# I'm not bad (Villanelle about mathematics)



## aj47 (Mar 6, 2014)

It isn't my intent to taunt or vex.
I'm looking for an answer to my plea--
I only want your help in finding x.

I know you think I'm tough in most respects;
Most good things are, at least to some degree.
it isn't my intent to taunt or vex.

If you would only look at all the specs,
it shouldn't be too tough for you to see--
I only want your help in finding x

Though other number systems, such as hex,
are not what you prefer ideally.
It isn't my intent to taunt or vex.

I'm not as bad as everyone expects.
You need to come to know the real me--
I only want your help in finding x.

I know sometimes I look a bit complex.
Though I'm less trouble than I seem to be.
It isn't my intent to taunt and vex--
I only want your help in finding x.


----------



## Riptide (Mar 6, 2014)

It's nice. The rhythm is evident throughout. Right here:* I know sometimes it seems a bit complex.
 Though I'm less trouble than I seem to be. *Shou;d it be, sometimes 'I' seem a bit complex? Because I see the other line as a follow up to that line from those connecting seems, and referring to complex, but I'm actually less trouble, so kind of like it seems like this but I'm not really. You get me?


----------



## aj47 (Mar 6, 2014)

I think so.  I'll ponder and possibly tinker....


----------



## Kevin (Mar 7, 2014)

About math, uh-huh...like 1+1=2 together.
My only struggle was with 'hex', as a system. I get the connection to hex as curse, and curse to bad, but relative to the rest, it was a longer 'jump'. Can't says that I would fix it. Just an observation.


----------



## Cran (Mar 7, 2014)

Kevin said:


> About math, uh-huh...like 1+1=2 together.
> My only struggle was with 'hex', as a system. I get the connection to hex as curse, and curse to bad, but relative to the rest, it was a longer 'jump'. Can't says that I would fix it. Just an observation.

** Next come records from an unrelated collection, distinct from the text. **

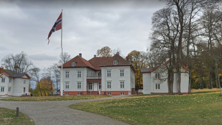 [Above] Eidsvoll Manor, also known as Eidsvollsbygningen, where the independence and constitutional meetings took place, as it appears today. It’s now a Norwegian national shrine. Image from Google Maps.
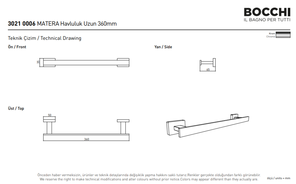 Bocchi Padova Havluluk Uzun 350 Mm Krom
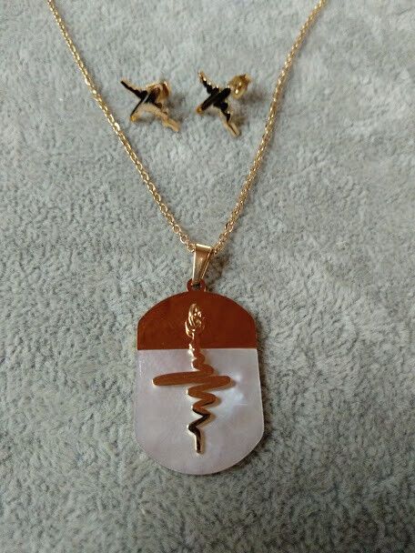 El colgante es una chapa de acero cubierta en parte por madreperla y con un colgante en acero .Su tamaño es de 3 cm de alta X 2 cm de ancho aproximadamente sin contar el asa para que pase la cadena y el colgante 2 cm de largo aproximadamente .
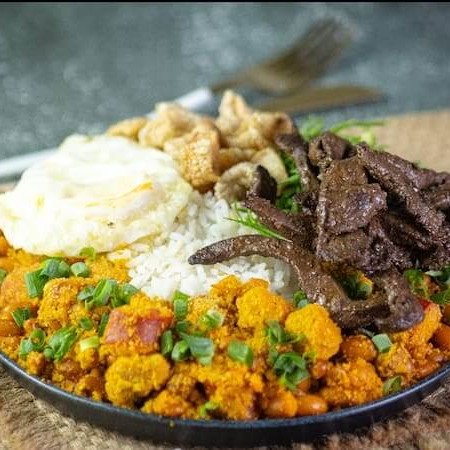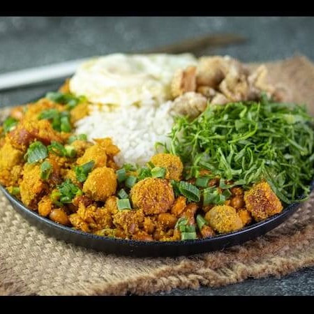 Acompanhamento - tropeiro, arroz, torresmo, couve, ovo frito, isca de fígado

Hex is a common contraction referring to the hexadecimal system - base 16 mathematics (where 10[SUB]16[/SUB] = 16[SUB]10[/SUB]) - one of the many non-standard number systems in use today. Hexadecimal - hex - is used in some aspects of computing.


----------



## escorial (Mar 7, 2014)

i couldn't get a feel for the subject matter..mathematics is a tough one.


----------



## aj47 (Mar 7, 2014)

hex is base sixteen.  If that doesn't mean anything to you, listen to Tom Lehrer's "New Math".  In there, he does a problem in base eight.


----------



## escorial (Oct 8, 2016)

still a tuff one for me..maths n all..but you delivered it well


----------



## ned (Oct 13, 2016)

hello - neat word-play and rhymes within a sweet format

hex - I noticed that the hex system is used to great effect in the current film "The Martian"

cheers
Ned


----------



## Firemajic (Oct 19, 2016)

escorial said:


> still a tuff one for me..maths n all..but you delivered it well






LMAO.... yeah.... well, I hate Math, but I loved the poetic language and vibe... anyone who can write a poem about MATH ... and make it entertaining ... that is fabulous....


----------